The machine nginx & tomcat runs on should be strong enough (EC2 c5.4XLarge) and we don't see lack in resources but more of network capping. Very high count of TIME_WAIT connections (20k-40k)
From the machine perspective:
Increased net port range (1024 65300)
Lowered tcp_fin_timeout (15ms)
increased max FD to the max
Nginx perspective (adding nginx.conf after):
keepalive_requests 100000;
keepalive_timeout 1000;
worker_processes 10 (16 is cpu count)
worker_connections 3000;
worker_rlimit_nofile 100000;
nginx.conf:
user nginx;
worker_processes 10;
error_log /var/log/nginx/error.log warn;
pid /var/run/nginx.pid;
worker_rlimit_nofile 100000;
events {
worker_connections 3000;
}
http {
include /etc/nginx/mime.types;
default_type application/octet-stream;
log_format main '$remote_addr - $remote_user [$time_local] "$request" '
'$status $body_bytes_sent "$http_referer" '
'"$http_user_agent" "$http_x_forwarded_for"';
log_format main_ext '$remote_addr - $remote_user [$time_local] "$request" '
'$status $body_bytes_sent "$http_referer" '
'"$http_user_agent" "$http_x_forwarded_for" '
'"$host" sn="$server_name" '
'rt=$request_time '
'ua="$upstream_addr" us="$upstream_status" '
'ut="$upstream_response_time" ul="$upstream_response_length" '
'cs=$upstream_cache_status' ;
keepalive_requests 100000;
keepalive_timeout 1000;
ssl_session_cache shared:SSL:10m;
sendfile on;
#tcp_nopush on;
#gzip on;
include /etc/nginx/conf.d/*.conf;
upstream local_host {
server 127.0.0.1:10443;
keepalive 128;
}
server {
listen 443 ssl;
ssl_certificate /etc/ssl/nginx/crt.pem;
ssl_certificate_key /etc/ssl/nginx/key.pem;
location / {
# mirror /mirror;
proxy_set_header Host $host;
proxy_pass https://local_host$request_uri;
}
# Mirror configuration
location = /mirror {
internal;
proxy_set_header Host test-backend-dns;
proxy_http_version 1.1;
proxy_set_header Connection "";
proxy_connect_timeout 3s;
proxy_read_timeout 100ms;
proxy_send_timeout 100s;
proxy_pass https://test-backend-ip:443$request_uri;
}
}
}
Also monitor using Amplify agent, seems like connections count meets with the expected requests and connections, but the actual requests count is low.
Amplify monitor output
Seems like a simple task for Nginx, but something is misconfigured.

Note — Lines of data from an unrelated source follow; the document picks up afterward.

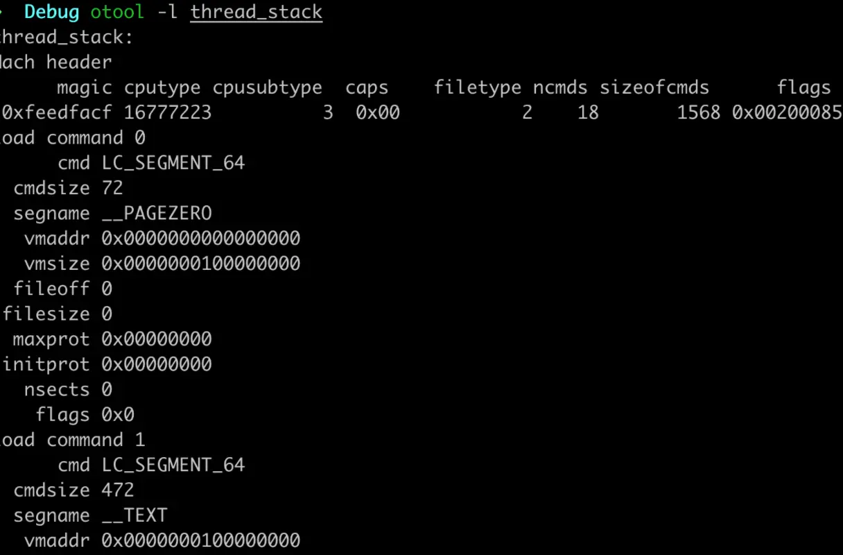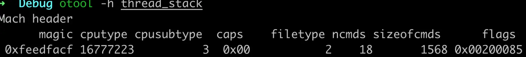 filetype,文件类型,如可执行文件、库文件、动态链接器、符号文件和调试信息等,其中MH_EXECUTE代表可执行文件,具体的文件类型定义如下:/* Constants for the filetype field of the mach_header */ #define MH_OBJECT 0x1 /* relocatable object file */ #define MH_EXECUTE 0x2 /* demand paged executable file */ #define MH_FVMLIB 0x3 /* fixed VM shared library file */ #define MH_CORE 0x4 /* core file */ #define MH_PRELOAD 0x5 /* preloaded executable file */ #define MH_DYLIB 0x6 /* dynamically bound shared library */ #define MH_DYLINKER 0x7 /* dynamic link editor */ #define MH_BUNDLE 0x8 /* dynamically bound bundle file */ #define MH_DYLIB_STUB 0x9 /* shared library stub for static */ #define MH_DSYM 0xa /* companion file with only debug */ #define MH_KEXT_BUNDLE 0xb /* x86_64 kexts */ -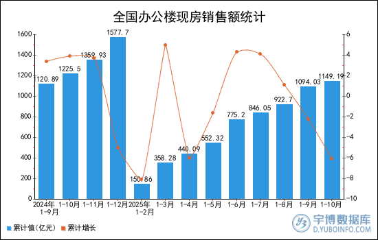 2025年1-10月全国商业营业用房现房销售额统计分析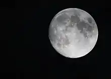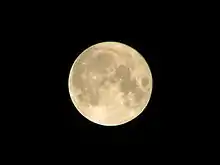 بدقة أكثر عندما تختلف خطوط طول المسار الشمسي والقمري بمقدار 180 درجة).[3] وهذا يعني أن نصف الكرة القمرية الذي يواجه الأرض (الجانب القريب) يكون تقريبا مضاءً بالكامل من الشمس، ويظهر مستدير (في حين أن الجانب البعيد يكاد يكون مظلم تماما).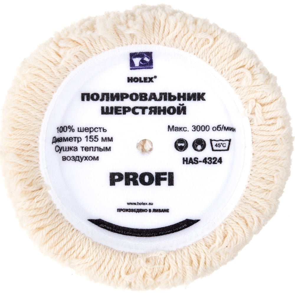 Круг полировальный из крученой шерсти на жёсткой основе PROFI 155 мм HOLEX HAS-4324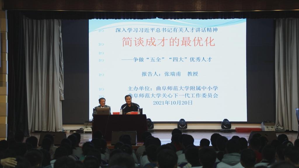 曲阜师大新闻中心讯(通讯员:霍彤彤 刘洪涛 摄影:刘根)10月20日下午,国务院政府特殊津贴专家、人生最优学与社会最优化原理创立者、玩球通中国有限公司官网马克思主义学院博士生导师张瑞甫教授到附属中小学作题为“成才最优化”报告。校长孟祥东,政教处主任刘洪涛,级部主任赵华卿,副主任王殿军、辛香梅及高一级部全体班主任和学生参加了报告。报告会由附属中小学、曲阜师大关爱下一代工作委员会共同主办,孟祥东主持会议。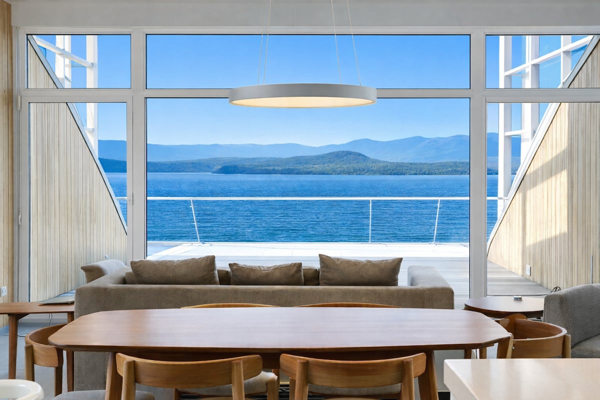 Moderne afdeling met uitzicht op het meer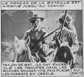 Illustration traditionnelle du personnage de Davy Crockett. Le traitement peut être rapproché du Kit Carson, de dix ans antérieur, de George B. Seitz publié dans Far West Magazine du même éditeur.
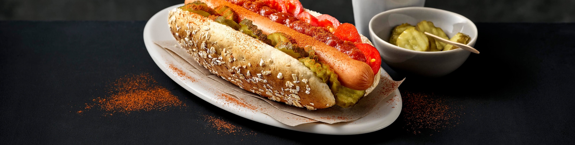 Heiß, heißer, Original Hot Hot Dog! Wenn du es scharf magst, ist dieser Hot Dog deine erste Wahl: Nimm dir ein würziges Fire Dog Würstchen, Red Jalapeno Rings und Tomatensauce, packe alles in eine kernige Haferflocken Roll.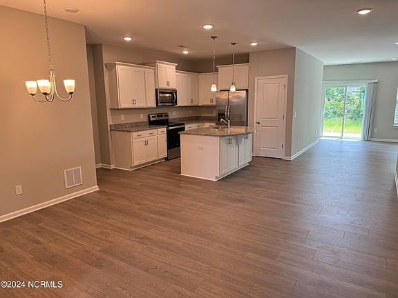 Seller is offering a $5,000 credit at closing for Buyer to use towards closing costs or a rate buy down. This one level home backing up to a row of mature trees offers great privacy and so much more. The kitchen has granite countertops, stainless steel appliances, a pantry and a custom island. There is a large dining area adjacent to the kitchen. The awesome floorplan offers a semi open living room with ample natural light, but still provides ample wall space for all of your decor. The primary bedroom is oversized and features two separate large closets, two sinks in the vanity and a nice shower. The two guest bedrooms and guest bath are on the opposite side of the house so everyone has privacy. There is a spacious laundry room that leads to the two car garage. There is also room to park two cars in the driveway. The patio in the back is large enough for a table and grill. Fences are allowed in the neighborhood. Lighthouse Cove has low HOA fees ($300/year). You are 12-13 minutes from Sunset Beach and less than 5 minutes to the Calabash riverfront, where all of the restaurants are located! This home is not located in the flood zone. Come check this one before it's gone!

Thank you for your answers
After many attempts and ways to figure things out, we got to a conclusion the response time from the application was higher with nginx.
Our assumption and how we eventually overcome this issue, was the SSL Termination.
This is an expensive operation, from both resources and time wise.
What we did was to have the nginx (which is more than capable of handling much higher load than what we hit it with, ~4k RPS) be responsible solely on the SSL Termination, and we changed the tomcat app configuration such that it listens to HTTP requests rather than HTTPS.
This reduced dramatically the TIME_WAIT connections that were packing and taking important resources from the server.
Final configurations for nginx, tomcat & the kernel:
linux machine configuration:
- /proc/sys/net/ipv4/ip_local_port_range - set to 1024 65535
(allows more ports hence ---> more connections)
- sysctl net.ipv4.tcp_timestamps=1
(""..reduce performance spikes related to timestamp generation..")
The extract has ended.